What the task asks – Only an exact copy of the lines from the one containing "안드로이드 어플을 만들 것이니 안드로이드 스튜디오를 설치해보도록 하자." through the last line of the material below belongs in the answer, with no pictures.

Provided material –

Segment Open

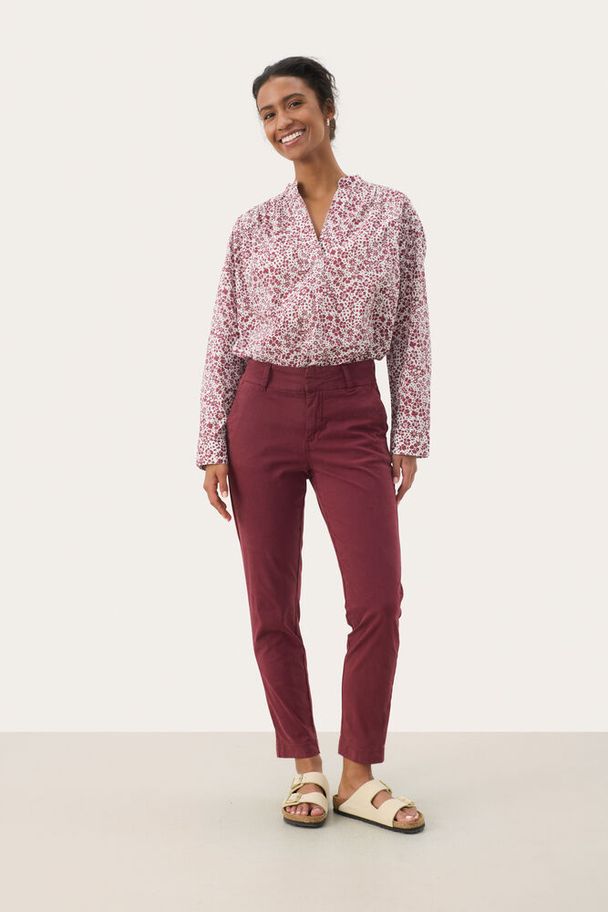 Den perfekte chinos fra Part Two. Denne er avslappet i passform med stikklommer og beltehemper. Buksen er vanlig i størrelsen og gir seg noe. Buksen er ankellengde.
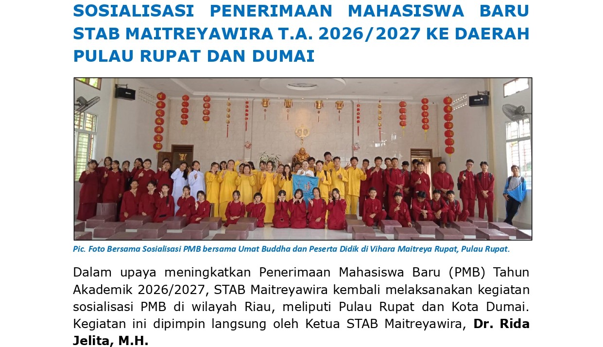 Sosialisasi Penerimaan Mahasiswa Baru Stab Maitreyawira T.a. 2026/2027 Ke Daerah Selat Akar, Kudap Dan Selat Panjang22 January 2026 (1 month ago)
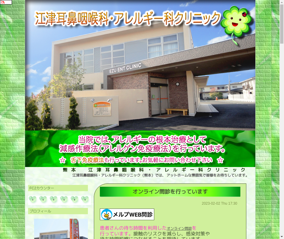 | 事業内容 | 耳鼻咽喉科・アレルギー科の外来診療を行う事で地域住民の健康管理に貢献します。 |
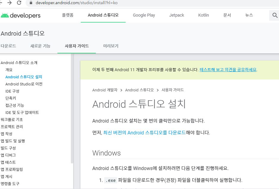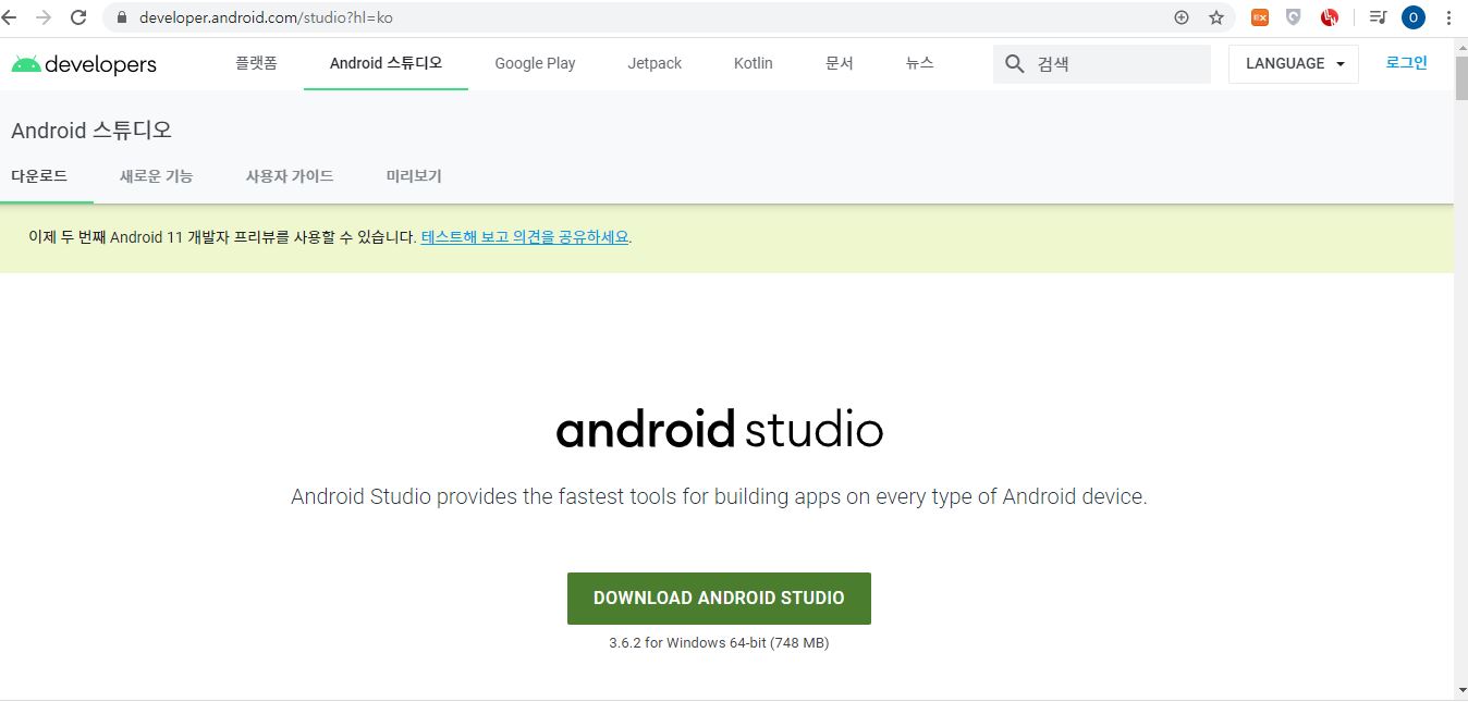 안드로이드 어플을 만들 것이니 안드로이드 스튜디오를 설치해보도록 하자.
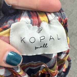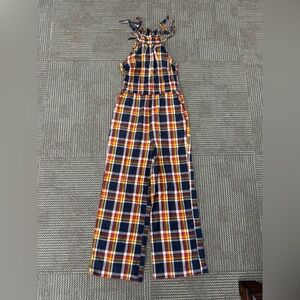 Such a cool handmade jumpsuit from Anthropologie brand Kopal. In a navy, yellow, and red plaid. Size S. Has a halter tie top. In excellent preowned condition with no visible flaws.
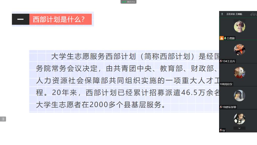 为进一步弘扬志愿服务精神,引导和鼓励大学毕业生到基层工作,主动融入发展大局,积极投身乡村振兴,4月27日晚,今年会团委面向2023届毕业生召开了线上“西部计划”、“志愿服务乡村振兴计划”宣讲会。
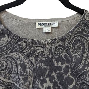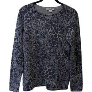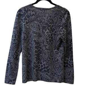 Pendleton Petite Grey & Black Merino Wool Paisley & Leopard Print Sweater (SP)
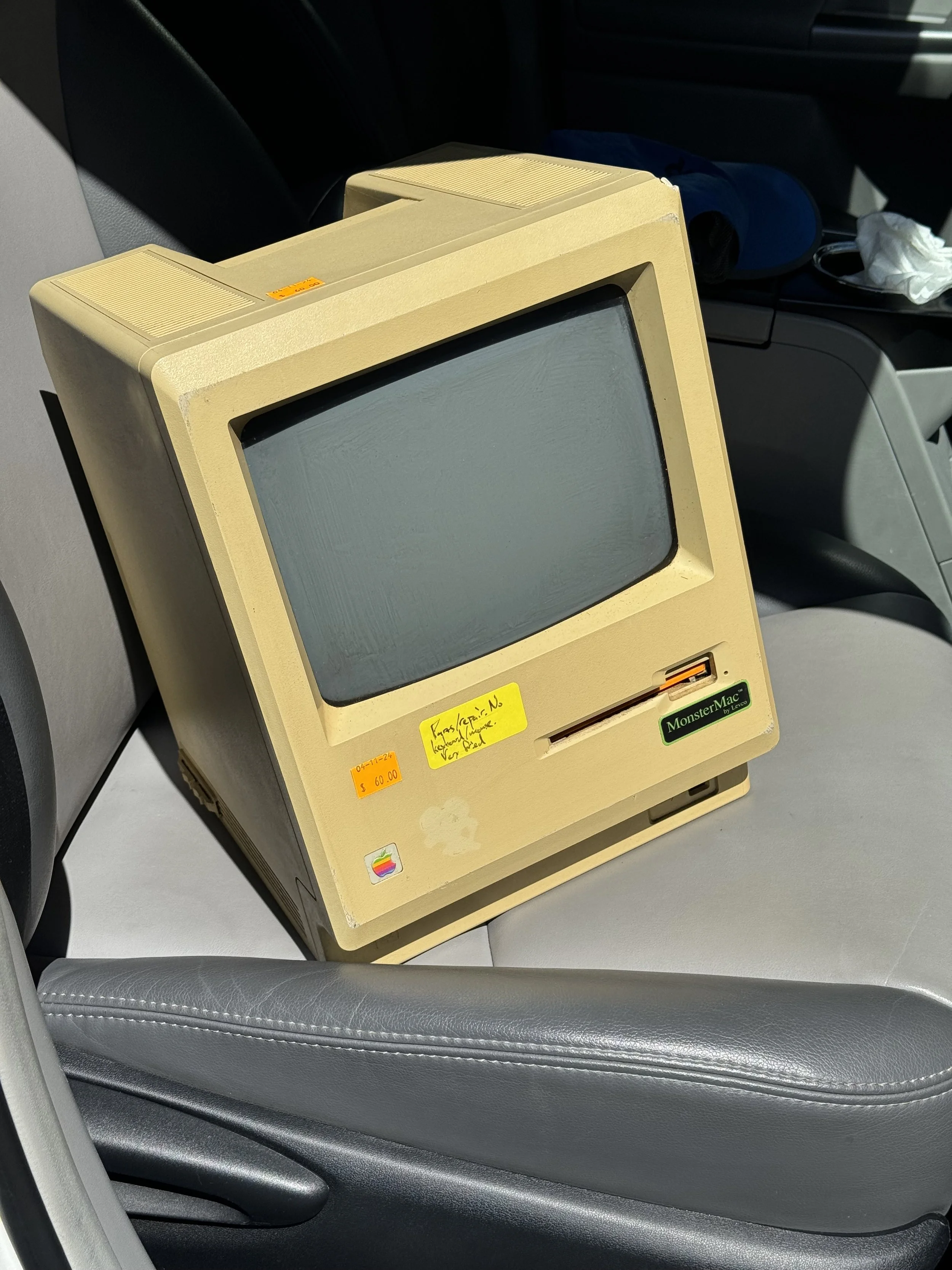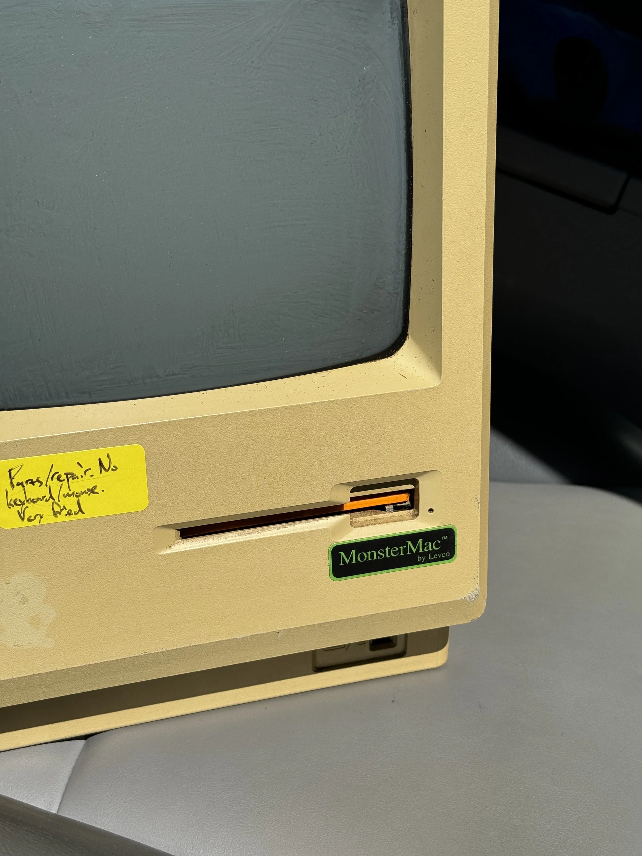 HOWEVER. When Huxley spotted this lonely old Mac, one detail in particular made it a “must buy:” the “MonsterMac by Levco” sticker on the front of the machine.

Segment Closed

Result of the task –
 안드로이드 어플을 만들 것이니 안드로이드 스튜디오를 설치해보도록 하자.
 Such a cool handmade jumpsuit from Anthropologie brand Kopal. In a navy, yellow, and red plaid. Size S. Has a halter tie top. In excellent preowned condition with no visible flaws.
 为进一步弘扬志愿服务精神,引导和鼓励大学毕业生到基层工作,主动融入发展大局,积极投身乡村振兴,4月27日晚,今年会团委面向2023届毕业生召开了线上“西部计划”、“志愿服务乡村振兴计划”宣讲会。
 Pendleton Petite Grey & Black Merino Wool Paisley & Leopard Print Sweater (SP)
 HOWEVER. When Huxley spotted this lonely old Mac, one detail in particular made it a “must buy:” the “MonsterMac by Levco” sticker on the front of the machine.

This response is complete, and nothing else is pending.